Target sequences for siRNA
| Target | Gene symbol | Target sequence of mRNA |
|---|---|---|
| Vps26 | Vps26a | AACACTATCTCTTCTATGA (113–131) |
| GAACTTTCACCAGCGGTTT (921–939) | ||
| GTAAGGTACTTTCTAAACC (808–826) | ||
| AGAAAGAGATCACAGGAAT (638–656) | ||
| CK2-B | Csnk2b | TCGCACAAATGTTGGAAAA (281–299) |
Differentiated 3T3-L1 adipocytes were dispersed with PBS containing 0.05% trypsin and 0.5 mg/ml collagenase (Type I; Worthington), washed three times with PBS, and resuspended in Electroporation Buffer (Bio-Rad) with siRNA or plasmid before electroporation in a 0.4-cm gap cuvette with Gene Pulser Xcell (Bio-Rad) set at 200 V and 500 microfarads. After electroporation, cells were resuspended in DMEM-LG containing 10% FBS and cultured for 24 h before assay.
Phosphoprotein Analysis
The phosphorylated proteins were analyzed by using the TALON phosphate metal affinity chromatography (PMAC) phosphoprotein enrichment kit (Clontech) according to the manufacturer's instructions. Briefly, the lysate of 3T3-L1 adipocytes was loaded onto the PMAC resin column. After washing the column, bound proteins were eluted, and the flow-through and the eluate fractions were subjected to immunoblotting.
Immunoprecipitation
Cells were washed two times with 2.5 ml of ice-cold PBS, scraped into 1 ml of solubilization buffer (150 mm NaCl, 1 mm EDTA, 1% (v/v) Nonidet P-40, 20 mm Hepes/Na, pH 7.6 containing protease inhibitor mixture and PhosSTOP phosphatase inhibitor mixture) and then kept in the ice for 30 min with brief vortexing every 5 min. The lysate was centrifuged at 20,000 × g for 30 min at 4 °C. The supernatant was precleared by incubation with 30 μl (bed volume) of Protein G-Sepharose (GE Healthcare) for 2 h at 4 °C and centrifuged at 5,000 × g for 3 min. The resultant supernatant was incubated with 1 μl of anti-Vps35 antibody and Protein G-Sepharose overnight. The beads were washed five times with 1 ml of solubilization buffer, and precipitated proteins were eluted with 100 μl of Laemmli sample buffer.
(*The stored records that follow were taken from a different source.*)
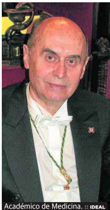
Académico de Medicina. :: IDEAL

drid, así como en París y Estados Unidos, donde pasó cinco años de su vida. También presentó su candidatura al rectorado de la Universidad de Granada en el año 1989 por el sector más conservador frente al otro aspirante Pascual Rivas, aunque no logró su propósito de convertirse en rector.
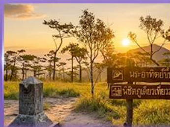
ชมพระอาทิตย์ขึ้น กุสอยดาว
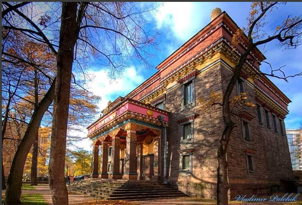
храм-молельня в С.Петербурге.
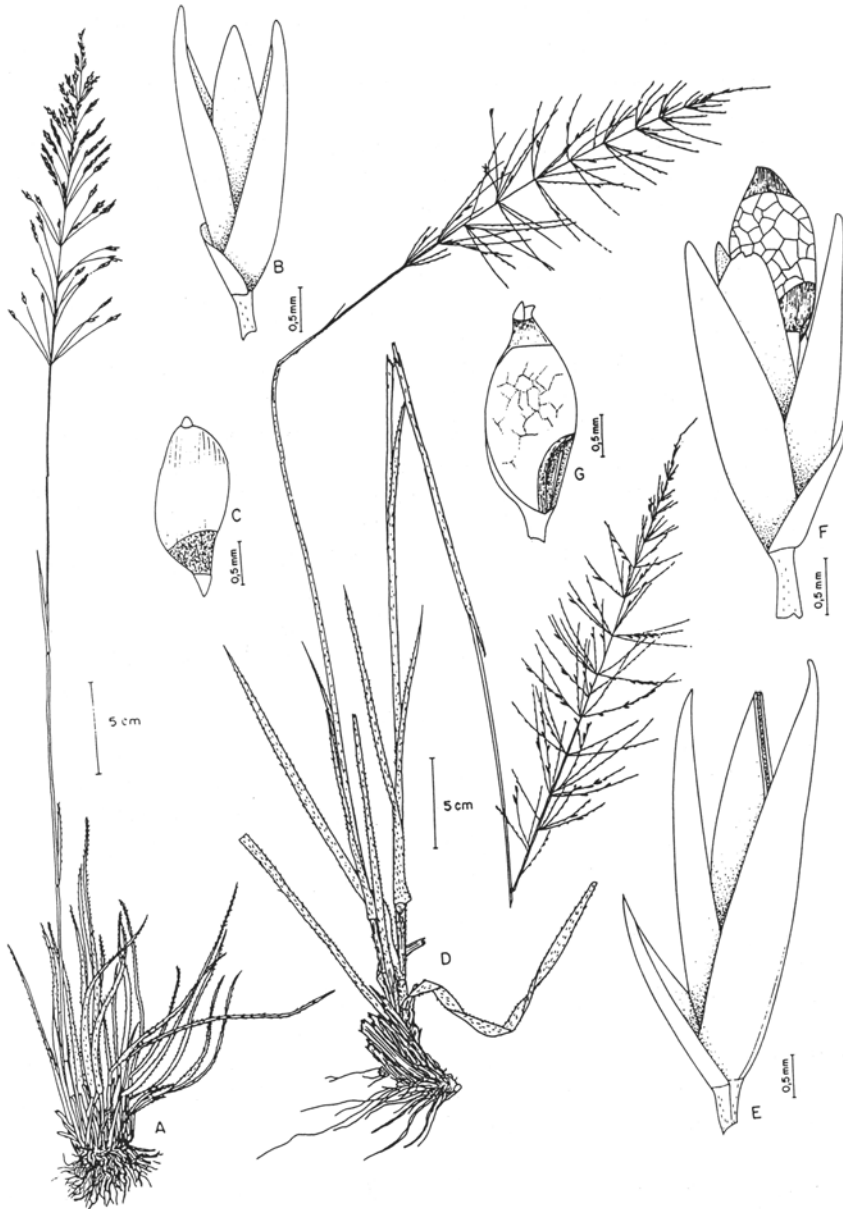
Fig. 6. A-C. Sporobolus ciliatus : A. hábito; B. espiguetas com fruto, glândulas no pedicelo, pálea rompida em duas metades; C. cariopse com pericarpo laxo e alado (Burman 576 - SP). D-F. S. metallicolus : D. hábito; E. espiguetas com fruto; F. cariopse (D. Irwin 30223 - UB; E-F. Irwin 28813 - MBM). G-I. S. multiramosus : G. hábito; H. espiguetas; I. cariopse com pericarpo alado (G-H. Rosa & Silva 4680 - SP; I. Cavalcanti 2125 - US).
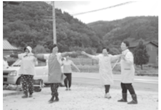
▲必ず全員でラジオ体操をしてから作業を行う
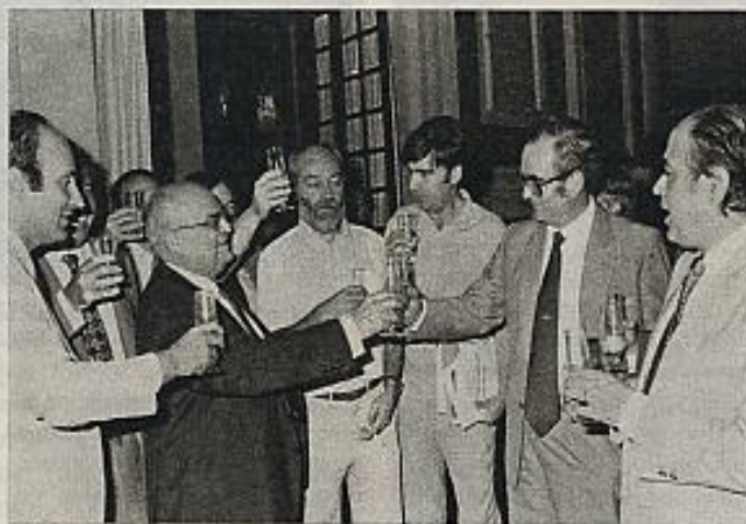
Los parlamentarios catalanes celebran la aprobación del Estatuto, por la Ponencia Constitucional. Un Estatuto que es superior al de 1932 y no sustancialmente inferior al elaborado por los parlamentarios en Sau.

¿Qué significado tenía aquel breve editorial acompañado de un discretísimo título de portada en el que se leía "Acord sobre el Estatut", lejos por tanto de cualquier entusiasmo? Significaba un reflejo de una actitud posible
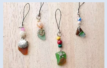
シーグラスアクセサリ
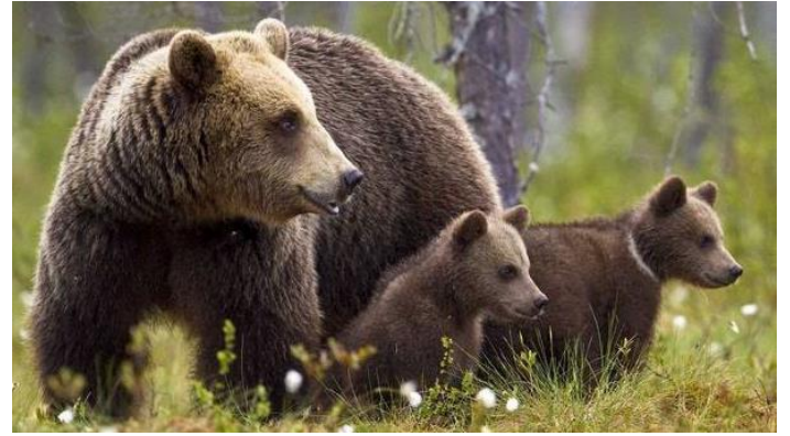
OURSE ET OURSONS
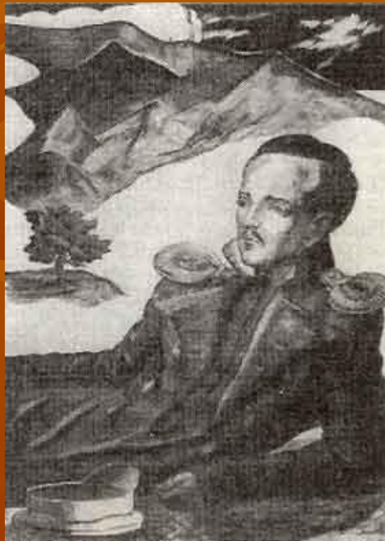
В.А. Фаворский, 1831 г.
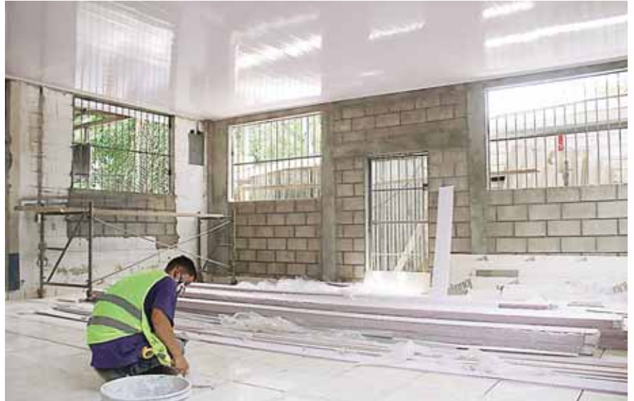
Los estudiantes de este centro educativo retornarán recibiendo clases en mejores condiciones.

La próxima semana se continuará con la instalación de luminarias y cerámica de piso,
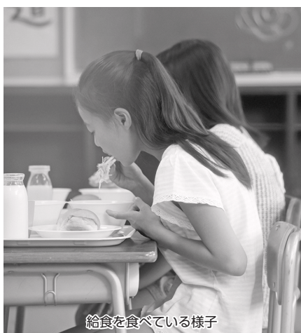
給食を食べている様子

問 現在のコロナ禍での学校給食については、感染拡大防止の観点から児童・生徒は前を向き黙食していると聞いている。本来給食はみんなで楽しく食べるものと考え、コロナ禍でも給食の時間を楽しく過ごせる方法について当局の見解は。 答 現在、楽しく会話をしながらの食事ができないため、ストレスを感じている児童・生徒がいるものと推察される。感染対策としての黙食は変更できないが、各校では、行事のDVDを放映したり、音楽を放送したりと工夫を凝らし少しでも雰囲気明るくなるような取り組みをしているとの報告を受けている。
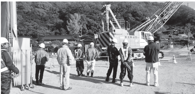
県道道路改良工事

各現場では、責任者より工事概要等の説明を受けた後、現場内を点検しました。講評では、各現場の管理体制は良好で、墜落転落、転倒災害の防止、重機の転倒防止、第三者災害対策の強化、切土法面の浮石の注意喚起等を徹底して、無事故・無災害で工事を完了できるようお願いしました。
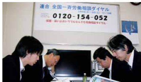
働く仲間からの相談を受ける労働相談ダイヤル担当者
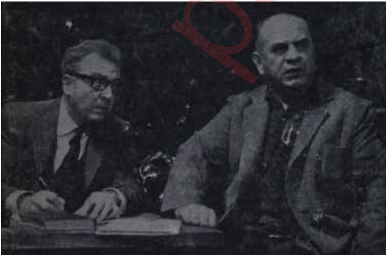
Oda Tiyatrosunda "Savunma" Ruhların karanlığına tutulan ışık

Milletler Tiyatrosunun yeni Müdürüne, sanat işlerinde, bir Yüksek Kurul yardımı olacaktır. Yüksek Kurul Kültür, Dışişleri, İktisat ve Maliye Bakanlıklarıyla, Seine ve Paris Belediye Başkanları, Seinc Genel Meclisi, Fransız Tiyatro Merkezi ve Milletlerarası Tiyatro Enstitüsü temsilcilerinden meydana gelmektedir. Ayrıca, Devlet ve Belediye temsilcilerinden kurulu bir Denetleme Komisyonu da idari ve mali işlerde yardım edecektir. Uluslararası Kartel
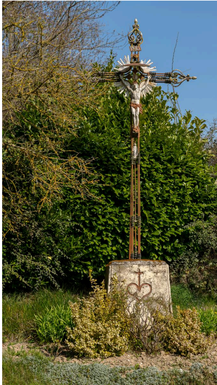
Croix de chemin à la sortie sud de la Rue Principale, vue depuis le sud.
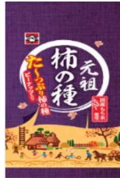
たっぷり元祖柿の種 “Kaki-Pi” Mix of Peanuts and Flavored Rice Crackers ¥250
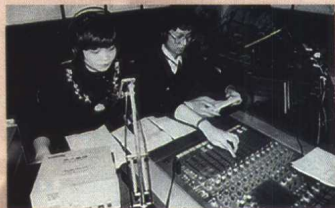
▲ 把远在他乡的日子 编织进安子的天空……
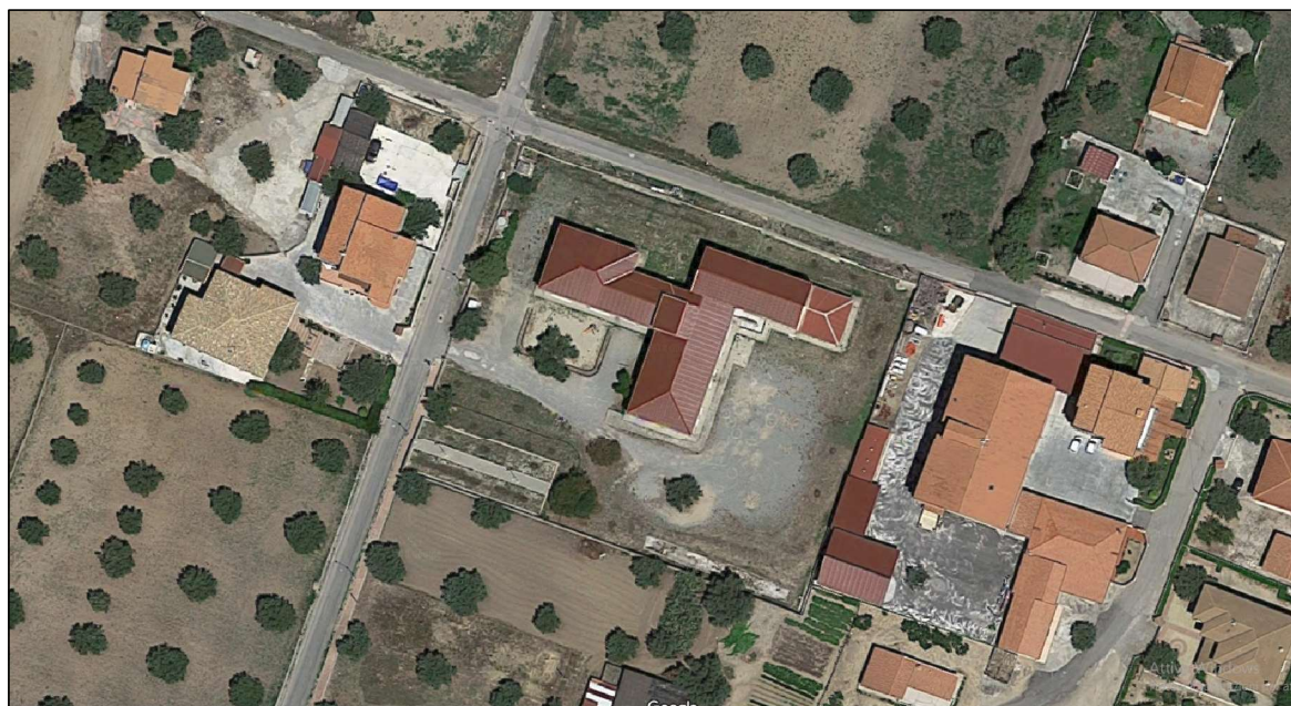
RIFERIMENTO SITOGRAFICO IMMAGINE: https://www.google.it/maps

Measurement of Cytosolic Hydrogen Peroxide
3T3-L1 adipocytes were transfected with 30 μg of the pHyPer-Cyto vector (Evrogen, Moscow, Russia) by electroporation as described above and seeded on a 35-mm glass bottom culture dish. After incubation for 24 h, the medium was replaced with Hanks' balanced salt solution containing 138 mm NaCl, 5.4 mm KCl, 1.3 mm CaCl2, 0.5 mm MgCl2, 0.38 mm MgSO4, 0.44 mm KH2PO4, 0.34 mm Na2HPO4, 5.5 mm d-glucose, and 20 mm Hepes/NaOH, pH 7.4. For monitoring of the cytosolic concentration of hydrogen peroxide ([H2O2]c), cells were excited with a wavelength of 440 nm, and emission images were obtained at 1-min interval using the AQUACOSMOS/ASHURA fluorescence imaging system (Hamamatsu Photonics, Hamamatsu, Japan).
Statistics
Data were analyzed by Student's t test, and p < 0.05 was considered as statistically significant.
RESULTS
Prolonged Insulin Stimulation Down-regulates GLUT4
We first examined the dose responsiveness and the time course of insulin-induced GLUT4 down-regulation in 3T3-L1 adipocytes. As shown in Fig. 1A, stimulation of cells with insulin for 4 h elicited a dose-dependent decrease in GLUT4 protein. Under these conditions, insulin at 1 nm significantly decreased GLUT4, whereas the maximum effect (∼50% decrease) was obtained with 500 nm insulin. With 500 nm insulin, the GLUT4 amount dropped by more than 20% at 30 min, and the insulin effect reached almost maximum (by ∼50%) at 4 h (Fig. 1B). These results suggested that insulin turned on the GLUT4 down-regulation signal within 30 min, whereas the maximum effect was achieved with 4-h or longer stimulation.
FIGURE 1.
Effect of prolonged insulin stimulation on GLUT4. 3T3-L1 adipocytes were stimulated with the indicated concentrations of insulin for 4 h (A) or stimulated with 500 nm insulin for the indicated periods (B), and then the cellular amount of GLUT4 was assayed by immunoblotting. Representative immunoblots of GLUT4 (upper panels) and quantified GLUT4 amounts (lower panels) are shown. Results are the mean ± S.E. (n = 4). Error bars represent S.E.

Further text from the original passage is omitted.